*** The input ***

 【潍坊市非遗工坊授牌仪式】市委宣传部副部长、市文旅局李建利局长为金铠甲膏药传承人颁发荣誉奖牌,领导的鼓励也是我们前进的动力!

*** End of The input ***
*** The input ***

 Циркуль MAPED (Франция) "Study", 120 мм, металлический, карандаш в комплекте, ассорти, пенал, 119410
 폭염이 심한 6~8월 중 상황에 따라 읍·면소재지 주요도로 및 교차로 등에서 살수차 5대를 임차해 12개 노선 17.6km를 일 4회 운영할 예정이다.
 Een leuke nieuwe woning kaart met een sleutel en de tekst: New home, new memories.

*** End of The input ***

_Task details_
In the entries above, the lines from the one bearing "Циркуль MAPED (Франция)" up to and including the one bearing "Een leuke nieuwe" should be transcribed exactly; no other line is wanted.

_Solution for this task_
 Циркуль MAPED (Франция) "Study", 120 мм, металлический, карандаш в комплекте, ассорти, пенал, 119410
 폭염이 심한 6~8월 중 상황에 따라 읍·면소재지 주요도로 및 교차로 등에서 살수차 5대를 임차해 12개 노선 17.6km를 일 4회 운영할 예정이다.
 Een leuke nieuwe woning kaart met een sleutel en de tekst: New home, new memories.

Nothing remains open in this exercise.